Prosecutorial “reform” taking effect

If we translate the latest polls directly into actual votes, Mr Cho’s party may get up to 17 seats. For a comparison, Democratic Labor Party민주노동당, the most successful progressive party in history, in its brightest days only managed to get 10. Looking at their roster of proportional representation makes me crave for Prozac.

What’s their flagship platform? Finishing the “prosecutor reform.” What does it even mean? Kicking asses of the bad guys dogging Mr Cho and his colleagues, including Hwang Un-ha, former Minjoo lawmaker who was found guilty for interfering the Ulsan mayor election, is the best I can guess.

Speaking of the prosecutor reform, it is now beginning to make a difference:

The political landscape has changed. You’re gravely mistaken if you think conservatives still have the upper hand in South Korean politics. For some reasons including demographic shifts and socio-economic developments, now Minjoo progressives are the dominant force. (If you want to dig deeper, I recommend Cho Gwi-dong’s The Road To Italy.)

The aftermath of the two major “reforms” will have lasting effects on the representative democracy and the rule of law. Minjoo will have to pay the price for this.

But with Pres Yoon campaigning for Minjoo, how can conservatives expect to win?

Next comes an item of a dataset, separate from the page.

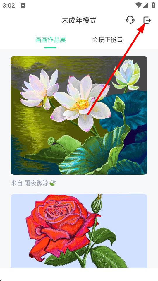 1、进入会玩App的未成年模式页面,点击右上角的展开图标。

I already said President Yoon doesn’t care much about approval ratings. But I’d have to say, I didn’t expect him to be this bad at reading the room.

His terrible dealing with the revolting doctors and laggardly responses to his aides’ issues have given Minjoo the higher ground. Although I believe Minjoo’s seat won’t exceed their last election result—180 seats are the theoretical maximum of Minjoo’s support base—the ruling party remaining minority with a president at their side (um… it’s technically true) is a defeat in itself.

Running an election as a ruling party has been rather easy in Korean politics. All you have to do is showing some degree of remorse and promising you’ll get better. Do the kowtow if necessary. Voters love the sight of it.

Alas, Mr Yoon was not only the kind of guy who refused to kowtow to a boss when he’s wrong. He was also the kind of guy refused to kowtow to the public when they’re right.

My biggest miss in my previous write-up was Han Dong-hoon. I expected him to wield his dagger more liberally as the President is so unpopular.

I was wrong. Perhaps Yoon’s remaining three years of term deemed too long to be passed in conflict. Yoon loyalists managed to wring themselves into some of the most convenient constitutes.

The most notable case is Joo Jin-woo, former presidential aide who is running in one of the richest constituencies in Busan. A PPP candidate won by more than 20%p margin in the last election, but this time Joo is trailing behind a Minjoo candidate in polls.

Han does understand that this is going to be a defining moment in his political career, but his previous life as a prosecutor offer little help in how to navigate the dynamics of politics, it seems.

It’s the economy, stupid! (again and again)

The gaping void of “economy” in the campaign is another peculiarity of this year’s election. While Minjoo has been ranting about prosecutors, PPP has been obsessed to the “student activist establishment.”

Don’t we have an economy to fix?

Last year’s GDP growth explains (partly) why Pres Yoon is so unpopular:

(This is my first attempt at producing charts with Python 😎)

Despite the tried-and-true history of Keynesian economics, Pres Yoon never attempted a budget deficit. Why? Because he belongs to the same school as Javier Milei?

More plausible explanations are 1) Yoon doesn’t want any compromise to Minjoo—such as appointing a special prosecutor to the suspicions on the First Lady—as any supplementary budgets will require a cooperation from the opposition who controls the legislative; 2) Yoon is held hostage—for a lack of vision—to finance ministry technocrats who are firm believers of balanced budget.

The polarizing politics that is negligent in people’s actual livelihoods (I think “prosecutor reform” is the most successful culture war product in Korea, which I’ll revisit soon) leaves us little hope for a better future.